青葉氏は、「マイクロソフトほど顧客の声をしっかり聴いてモノづくりをしている企業はない」と説明する。例えば、先日発売された Windows 7 は、「ユーザーからの声を徹底的に製品に反映させた」と言われているが、青葉氏も体験した「ユーザーの声を聞く」とはどのようなプロセスなのか。Office 製品の開発ではどのような考えでユーザーのフィードバックを活用しているか、横井氏に説明していただいた。

横井氏「製品はユーザーのニーズに応えてこそ。ニーズを正確に把握し、製品開発に反映させることがまずは絶対条件だ。『これなら気に入ってくれるはずだ』という開発側の一方的な考えがユーザーのニーズと離れていれば、Office ユーザー5億人の期待を裏切ることになりかねない」

青葉氏が、「保守と革新のバランスをとることは大きなチャレンジでもあるが、矛盾が生まれることもある。迅速な意思決定はどのようにしているのか」をたずねると、横井氏は「意思決定はすべてにおいて、我々の思い込みでは決められない」ときっぱり答えた。

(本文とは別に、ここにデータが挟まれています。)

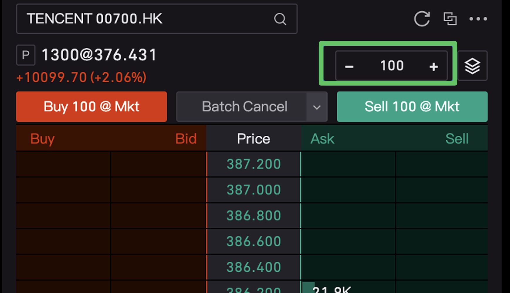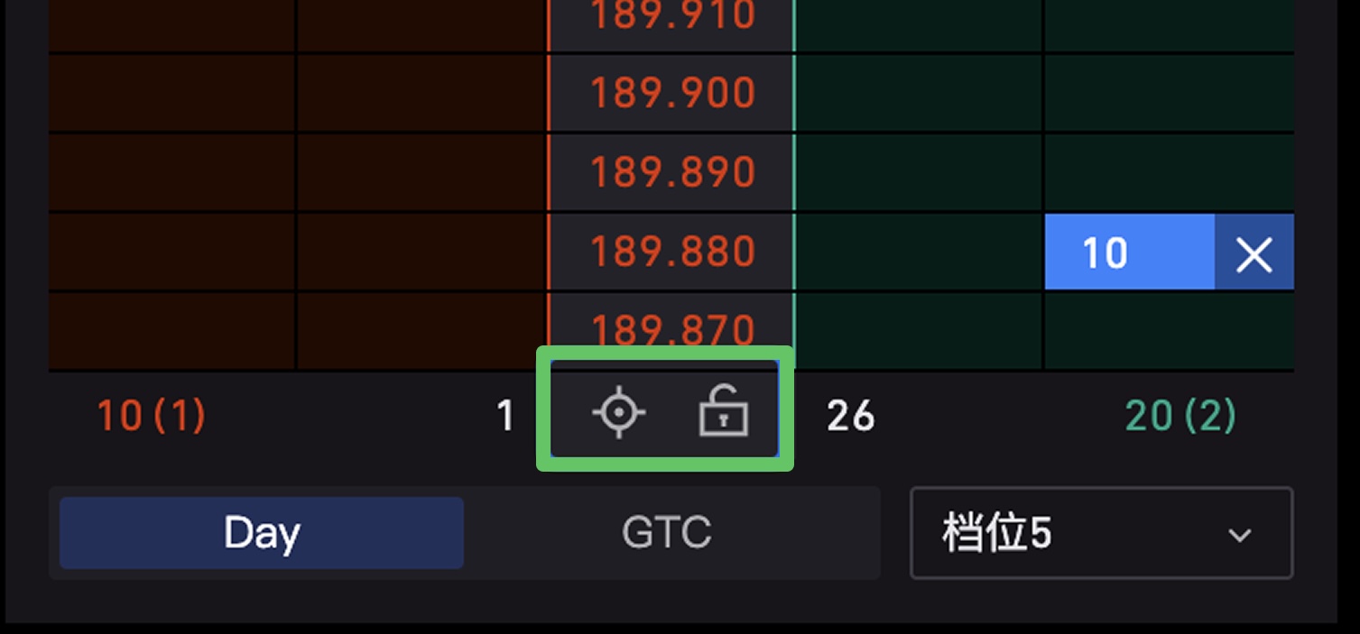 You can click to place an order directly at the desired price on the market depth board. After placing the order, the corresponding order quantity will be displayed.

ユーザーインターフェイスのユーザビリティに関しては、マイクロソフト内にある研究機関などが日々研究しており、1つの操作にかかるクリック数などの操作傾向などを、膨大な時間をかけて検証し、開発チームにフィードバックしている。この膨大で正確なデータが、開発チームがインターフェイスのデザインを決定する際の根拠となり新しい Office 製品が生まれているのだ。

そして、それ以上に影響力を持っているのが Office 製品に実装されている「フィードバックプログラム」だ。マイクロソフト製品を使用していると「プログラムに参加しますか?」のようなダイアログが表示されることがある。そこで「はい」を選んだユーザーからは、マイクロソフトに自動的に製品の細かい機能の使用状況やエラーログなどが送信されている。

顧客からのフィードバック情報はワールドワイドで1か月に数 TB(テラバイト)にも上るという。横井氏は数 TB のフィードバックこそが「一番の財産だ」としており、機能を使う順番や使い方、どの機能が良く使われているのかなどわかるのだ。

フィードバックプログラムのデータから、最もよく使われている機能が「コピー&ペースト」であり、「コピー&ペースト」を使ったユーザーがその次に利用する機能として一番多いのが「アンドゥ」(やり直し)であることがわかった。

このふたつの機能には相関性がある。つまり、1)文字列をコピーする、2)場所を決めてペースト(貼付け)する、3)イメージ通りペーストできなかったからアンドゥ(やり直し)する、というユーザーの動きだ。イメージ通りのコピー&ペーストを実現してあげれば、ユーザーからこのような手間を軽減することができる。そのようなユーザーの利用動向、フィードバックを踏まえて、Office 2010 では事前に貼り付けた後のイメージを事前に確認できるクリップボードのプレビュー機能が実装された。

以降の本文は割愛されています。